◆ **Task brief**
Please repeat, from the entries that follow, the lines from the one containing "Photograph of functional" through the one containing "Donald Judd Rare" exactly, adding nothing.

[Data for analysis Boundary: Start]

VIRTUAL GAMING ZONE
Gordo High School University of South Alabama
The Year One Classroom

[Data for analysis Boundary: End]
[Data for analysis Boundary: Start]

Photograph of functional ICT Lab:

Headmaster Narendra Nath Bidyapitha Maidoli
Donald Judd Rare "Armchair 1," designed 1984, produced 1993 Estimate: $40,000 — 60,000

[Data for analysis Boundary: End]
[Data for analysis Boundary: Start]

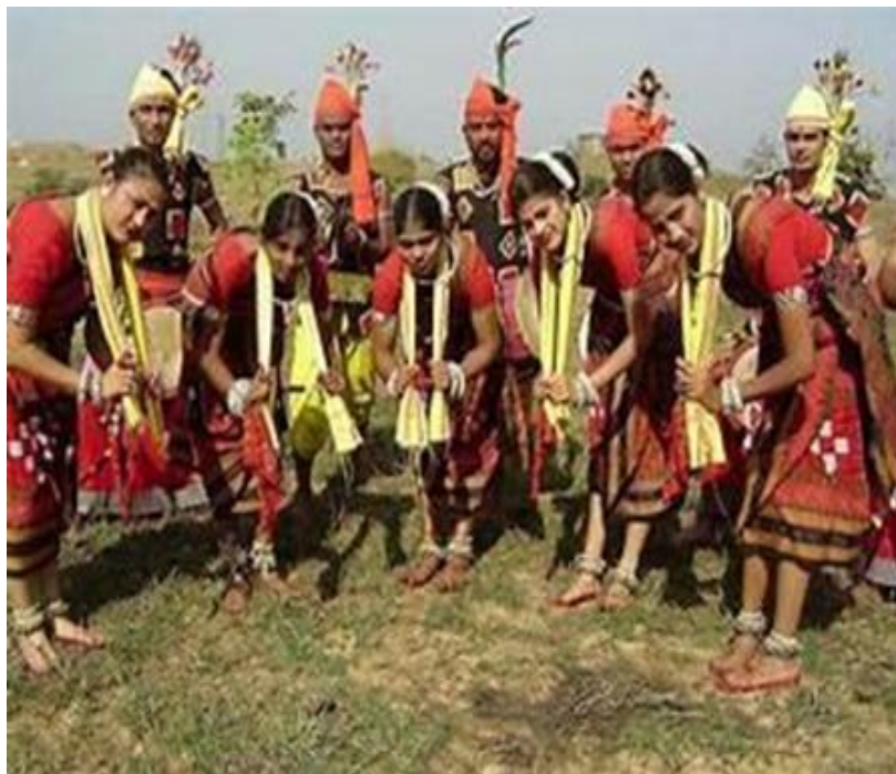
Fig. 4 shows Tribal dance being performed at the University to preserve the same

[Data for analysis Boundary: End]

◆ **Response to the exercise**
Photograph of functional ICT Lab:

Headmaster Narendra Nath Bidyapitha Maidoli
Donald Judd Rare "Armchair 1," designed 1984, produced 1993 Estimate: $40,000 — 60,000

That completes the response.